Activity: The data that follows is to be copied exactly, with each image removed.

Dataset excerpt:
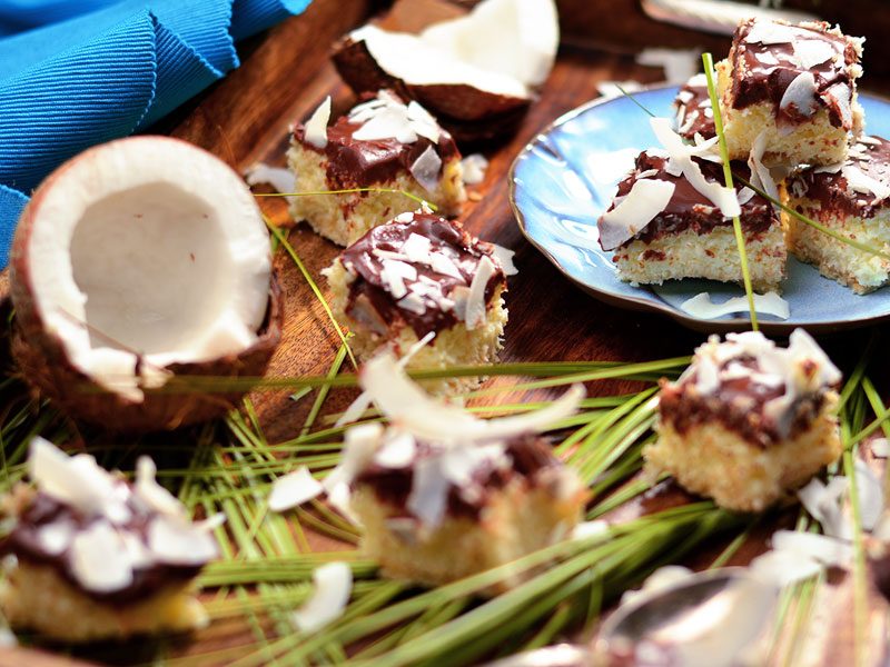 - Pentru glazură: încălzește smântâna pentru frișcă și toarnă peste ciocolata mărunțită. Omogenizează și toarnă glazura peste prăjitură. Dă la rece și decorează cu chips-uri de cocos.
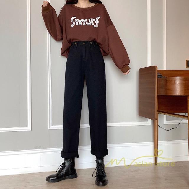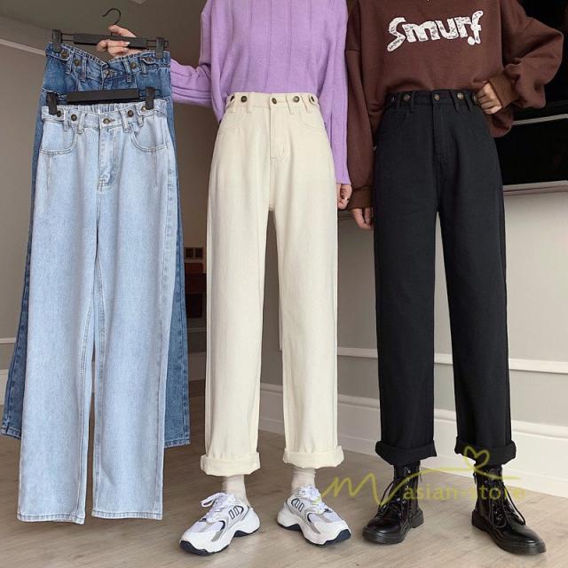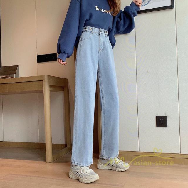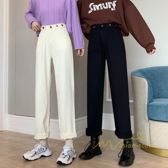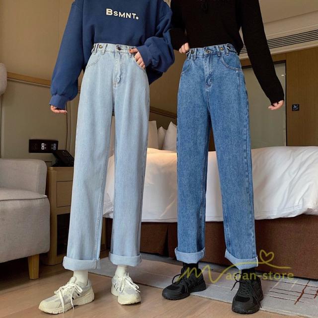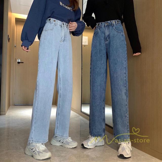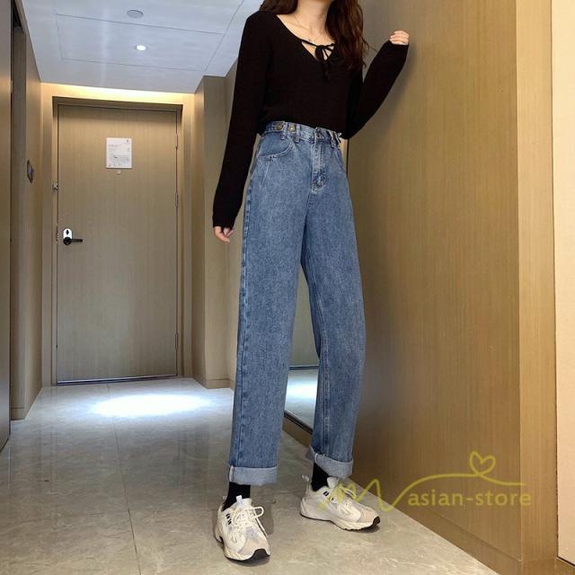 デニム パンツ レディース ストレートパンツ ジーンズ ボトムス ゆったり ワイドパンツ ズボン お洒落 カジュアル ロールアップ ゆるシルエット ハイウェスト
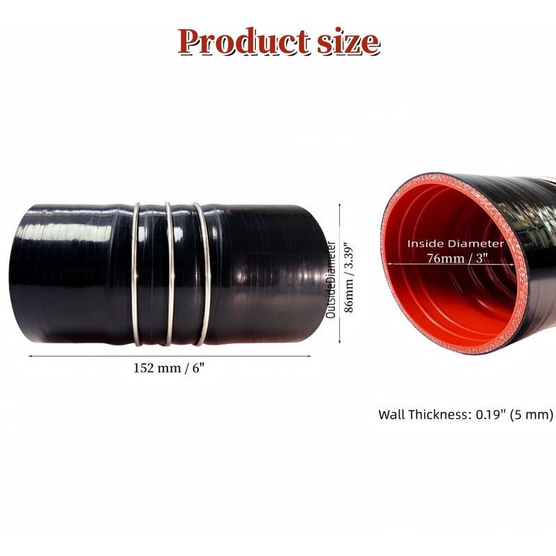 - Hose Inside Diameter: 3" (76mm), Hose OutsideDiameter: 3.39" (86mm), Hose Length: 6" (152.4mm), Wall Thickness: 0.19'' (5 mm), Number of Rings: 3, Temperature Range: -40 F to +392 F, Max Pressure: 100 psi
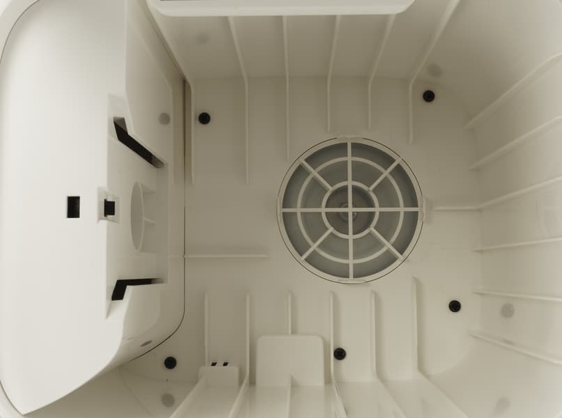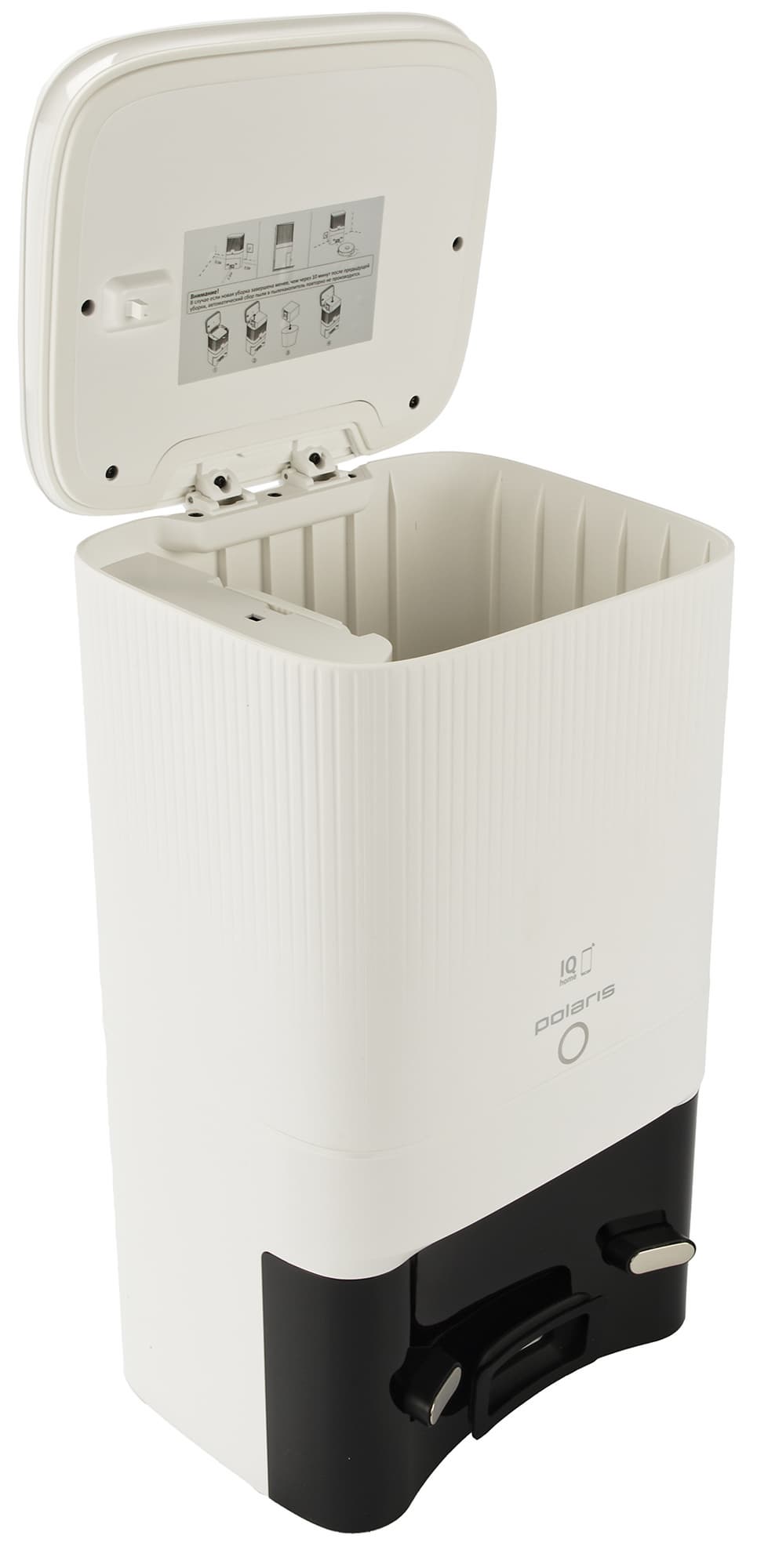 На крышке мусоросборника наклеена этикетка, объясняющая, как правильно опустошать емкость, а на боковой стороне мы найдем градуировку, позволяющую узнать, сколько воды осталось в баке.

Answer space:
 - Pentru glazură: încălzește smântâna pentru frișcă și toarnă peste ciocolata mărunțită. Omogenizează și toarnă glazura peste prăjitură. Dă la rece și decorează cu chips-uri de cocos.
 デニム パンツ レディース ストレートパンツ ジーンズ ボトムス ゆったり ワイドパンツ ズボン お洒落 カジュアル ロールアップ ゆるシルエット ハイウェスト
 - Hose Inside Diameter: 3" (76mm), Hose OutsideDiameter: 3.39" (86mm), Hose Length: 6" (152.4mm), Wall Thickness: 0.19'' (5 mm), Number of Rings: 3, Temperature Range: -40 F to +392 F, Max Pressure: 100 psi
 На крышке мусоросборника наклеена этикетка, объясняющая, как правильно опустошать емкость, а на боковой стороне мы найдем градуировку, позволяющую узнать, сколько воды осталось в баке.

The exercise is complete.